● Exercise description:
Repeat each entry as written and leave the images out of the copy.

Source data:
::::::
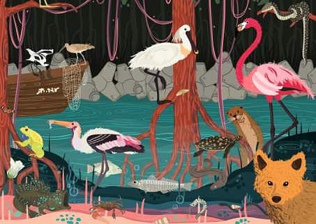 While some artists like Nitasha Nambiar and Mrinmayi Dalvi focus on how mangroves act as natural buffers against coastal erosion and flooding, Tanya Timble and Khyati Patkar’s work show a thriving home to countless species of flora and fauna. The sustainable lifestyle aspects of Mumbai’s Koli communities, who are dependent on the mangroves for their survival, have been vividly captured by artists Gary Curzai and Niyosha Bhagat. On the other hand, illustrators Harmeet Rahal and Sid G displayed the inevitable rise in sea levels through their paintings.
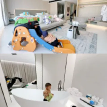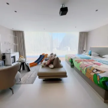 房間很寬敞回來也很乾凈!一整面落地窗把陽朔獨有的羣山"框"成了動態壁紙! 房間內還有小朋友玩的滑梯和樂高,兩個人也不用爭搶了!在一樓有小童樂園,海洋球、滑梯、VR等 還有孔雀、小兔子小萌寵,小朋友特別喜歡!酒店還有下午茶和民族服飾旅拍!真是適合親子住,完全不用出酒店,帶孩子就夠玩的了!
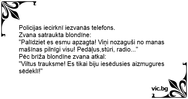 "Palīdziet es esmu apzagta! Viņi nozaguši no manas mašīnas pilnīgi visu! Pedāļus,stūri, radio..."
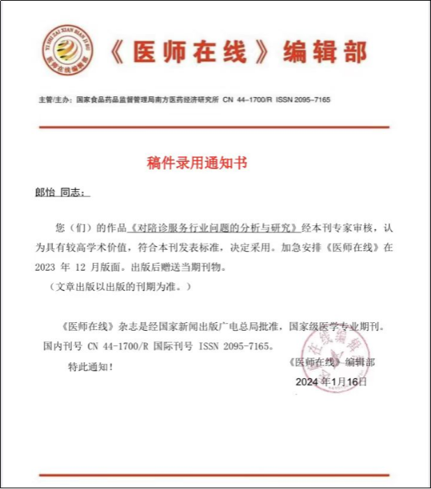 《医师在线》--《对陪诊服务行业问题的分析与研究》录稿
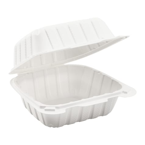 These white 6" x 6" mineral‐filled containers are stackable and soak‐resistant. These containers close with an audible click so you know it is closed tight. This one compartment container helps cut down the use of plastic by blending plastic materials with up to 50% of mineral content.
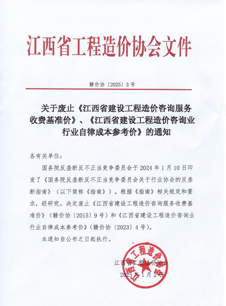 国务院反垄断反不正当竞争委员会于2024年1月10日印发了《国务院反垄断反不正当竞争委员会关于行业协会的反垄断指南》 (以下简称《指南》)。根据《指南》相关规定和要求,经研究,决定废止《江西省建设工程造价咨询服务收费基准价》(赣价协(2015)9号)和《江西省建设工程造价咨询业行业自律成本参考价》(赣价协(2023)4号)。
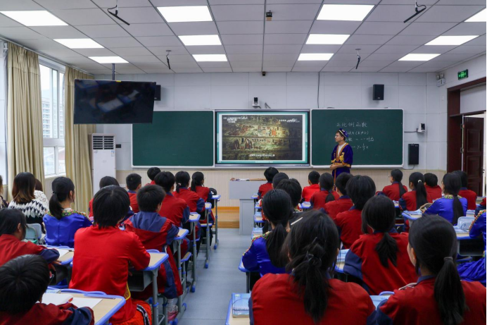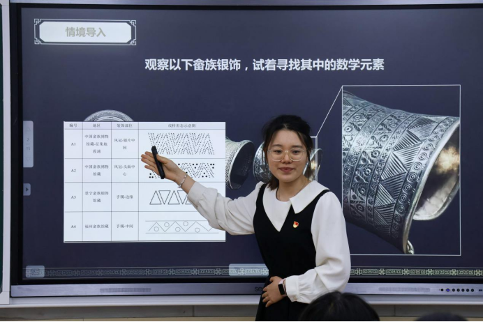 现场同学有感而发:“畲族银饰纹样、维吾尔族的丝绸纹样都是我们生活中的常见事物,这样的课程引入让数学课变得更加有趣了,我在感受对称美的同时,也进一步理解了数学知识,我们应当把这样优美的民族传统文化传承发扬下去。”
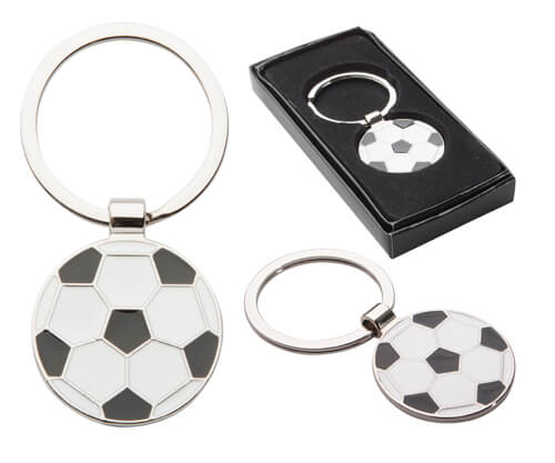 Schlüsselanhänger in Form eines Fußballs. Lieferung in schwarzer Geschenkbox.
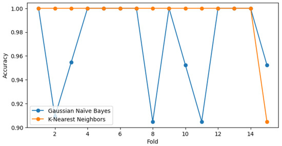 To assess the generalization capability of the trained models, a rigorous 15-fold CV technique was employed. The results, as depicted in Figure 6, illustrate the accuracy of both models on each fold, providing valuable insights into their performance. The k-nearest neighbor algorithm demonstrated remarkable consistency across diverse folds, achieving an exceptional accuracy of 99.37%. This high score highlights the model’s impressive performance and robustness, indicating its ability to generalize well to unseen data. In contrast, the Gaussian NB achieved a slightly lower CV accuracy of 97.05%.
::::::
● Answer to the problem:
 While some artists like Nitasha Nambiar and Mrinmayi Dalvi focus on how mangroves act as natural buffers against coastal erosion and flooding, Tanya Timble and Khyati Patkar’s work show a thriving home to countless species of flora and fauna. The sustainable lifestyle aspects of Mumbai’s Koli communities, who are dependent on the mangroves for their survival, have been vividly captured by artists Gary Curzai and Niyosha Bhagat. On the other hand, illustrators Harmeet Rahal and Sid G displayed the inevitable rise in sea levels through their paintings.
 房間很寬敞回來也很乾凈!一整面落地窗把陽朔獨有的羣山"框"成了動態壁紙! 房間內還有小朋友玩的滑梯和樂高,兩個人也不用爭搶了!在一樓有小童樂園,海洋球、滑梯、VR等 還有孔雀、小兔子小萌寵,小朋友特別喜歡!酒店還有下午茶和民族服飾旅拍!真是適合親子住,完全不用出酒店,帶孩子就夠玩的了!
 "Palīdziet es esmu apzagta! Viņi nozaguši no manas mašīnas pilnīgi visu! Pedāļus,stūri, radio..."
 《医师在线》--《对陪诊服务行业问题的分析与研究》录稿
 These white 6" x 6" mineral‐filled containers are stackable and soak‐resistant. These containers close with an audible click so you know it is closed tight. This one compartment container helps cut down the use of plastic by blending plastic materials with up to 50% of mineral content.
 国务院反垄断反不正当竞争委员会于2024年1月10日印发了《国务院反垄断反不正当竞争委员会关于行业协会的反垄断指南》 (以下简称《指南》)。根据《指南》相关规定和要求,经研究,决定废止《江西省建设工程造价咨询服务收费基准价》(赣价协(2015)9号)和《江西省建设工程造价咨询业行业自律成本参考价》(赣价协(2023)4号)。
 现场同学有感而发:“畲族银饰纹样、维吾尔族的丝绸纹样都是我们生活中的常见事物,这样的课程引入让数学课变得更加有趣了,我在感受对称美的同时,也进一步理解了数学知识,我们应当把这样优美的民族传统文化传承发扬下去。”
 Schlüsselanhänger in Form eines Fußballs. Lieferung in schwarzer Geschenkbox.
 To assess the generalization capability of the trained models, a rigorous 15-fold CV technique was employed. The results, as depicted in Figure 6, illustrate the accuracy of both models on each fold, providing valuable insights into their performance. The k-nearest neighbor algorithm demonstrated remarkable consistency across diverse folds, achieving an exceptional accuracy of 99.37%. This high score highlights the model’s impressive performance and robustness, indicating its ability to generalize well to unseen data. In contrast, the Gaussian NB achieved a slightly lower CV accuracy of 97.05%.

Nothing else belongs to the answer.